Symptoms
You may see the following error in AutoSSL or other errors or timeouts when trying to connect to your server's public IP address using curl
, dig
, or other software. Typically when this issue occurs, the internal IP address in /var/cpanel/cpnat
can be accessed while the public IP cannot.
In this example, 192.0.2.0 represents the public IP that an account is using. Note, this error can be found at WHM »SSL/TLS »Manage AutoSSL» Logs » "All Users".
ERROR 192.0.2.0 (10.0.0.0): Loopback NAT on this IP address
appears to be defective. AutoSSL will likely fail to secure any domain
whose authoritative nameserver uses this address. You can test this by
running “dig @192.0.2.0 . NS” at a command prompt.
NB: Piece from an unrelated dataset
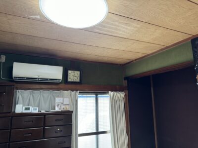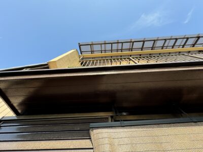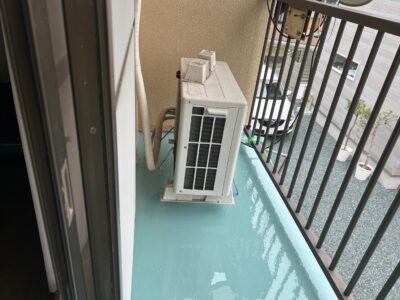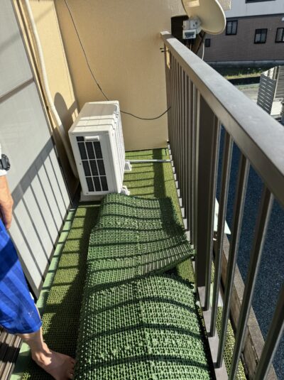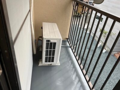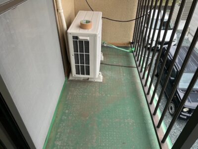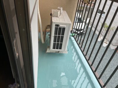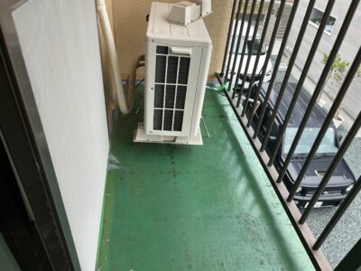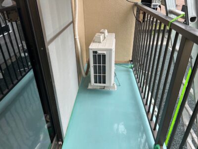 まずは施工面に載っているエアコン室外機を上から吊って浮かし、下地清掃、研磨、プライマー塗装して

If you follow the testing advice, the output below confirms the issue:
# dig @192.0.2.0 . NS
; <<>> DiG 9.11.4-P2-RedHat-9.11.4-16.P2.el7_8.6 <<>> @192.0.2.0 . NS
; (1 server found)
;; global options: +cmd
;; connection timed out; no servers could be reached
Description
The server or IP address in question does not have NAT loopback correctly enabled, so the server cannot connect to itself, which a variety of functions require. NAT loopback is an installation requirement for cPanel in the Networking Requirements section of our installation guide:
A 1:1 NAT and NAT loopback configuration if your server resides in a NAT-configured network.
Workaround
The only solution or workarounds available are these:
- Contact your hosting or network provider for assistance with making sure that NAT loopback is functional or possible on the network on which the server resides.
- Migrate your accounts to a different server that either has loopback NAT configured or that is not running in a NAT environment.